Hello, I’m experiencing this issue after upgrading to Rails 6.1.0-alpha. Has this fix been reverted?

@eugeneius I confirmed that your fix resolves the issue for us where it fails in 6.0.3.

@eugeneius can confirm that branch works for my test cases 👍

hi @adipasquale !

I am seeing the same issue in my rails app, when upgrading to rails 6.0.3, If I do an extra save! in after_create I will get the same record being written twice. But If I change the after_create to be after_commit on create it will solve the issue for me.
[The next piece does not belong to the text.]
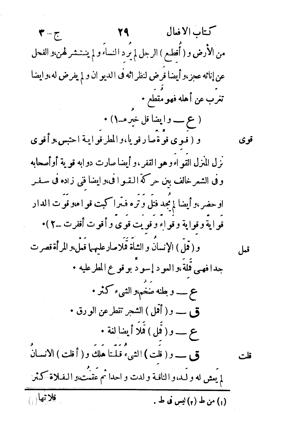 قوى: و "قَوِي قوَّةً صار قويا والمطر قَواية احتبس وأقوى نزل المنزل القَواءَ وهو القفر وأيضاً صارت دوابه قوية أو صحابه وفي الشعر خالف بين حركة القوافي وأيضاً فنى زاده في سفر أو حضر وأيضاً لم يجُد فتلَ وَتَره فتراً كبت قواه وقَوَت الدار قَوايةً وِقواية وقواء وقَوِيت قَوىً وأقوت أقفرت -2".

Wrote reproduction script with failing test on rails 6.0.3 but passing on 6.0.2:

# frozen_string_literal: true

require "bundler/inline"

gemfile(true) do
  source "https://rubygems.org"

  git_source(:github) { |repo| "https://github.com/#{repo}.git" }

  # Activate the gem you are reporting the issue against.
  gem "activerecord", "6.0.3"
  gem "sqlite3"
end

require "active_record"
require "minitest/autorun"
require "logger"

# This connection will do for database-independent bug reports.
ActiveRecord::Base.establish_connection(adapter: "sqlite3", database: ":memory:")
#ActiveRecord::Base.logger = Logger.new(STDOUT)

ActiveRecord::Schema.define do
  create_table :users, force: true do |t|
  end

  create_table :posts, force: true do |t|
    t.timestamp :last_post_creation_time
  end

  create_join_table :posts, :users
end

class User < ActiveRecord::Base
  has_and_belongs_to_many :posts
end

class Post < ActiveRecord::Base
  has_and_belongs_to_many :users

  after_create :post_process

  def post_process
    self.last_post_creation_time = Time.now
    self.save!
  end
end

class BugTest < Minitest::Test
  def test_association_stuff
    user = User.create!

    post = Post.create(
      users: [user]
    )

    user.reload
    post.reload

    assert_equal [user.id], dbs.users.ids
    assert_equal [post.id], user.posts.ids
  end
end

@eugeneius can you take a look?

No, the fix is still present on the master branch. Please open a new issue with an executable test case.

Hi @eugeneius I haven’t been at a computer in a day, but I should be able to test this later today. Thank you for your work to help resolve!

@maxvlc for my application, changing to after_commit on: :create fixed the issue. You can try this on your app, it might work for you use case.

I’ve tried reproducing with your script by switching to pg, and using something close to my case (setting team_ids instead of teams) but it still does not reproduce 😕 I’ll let you know if I manage to reproduce.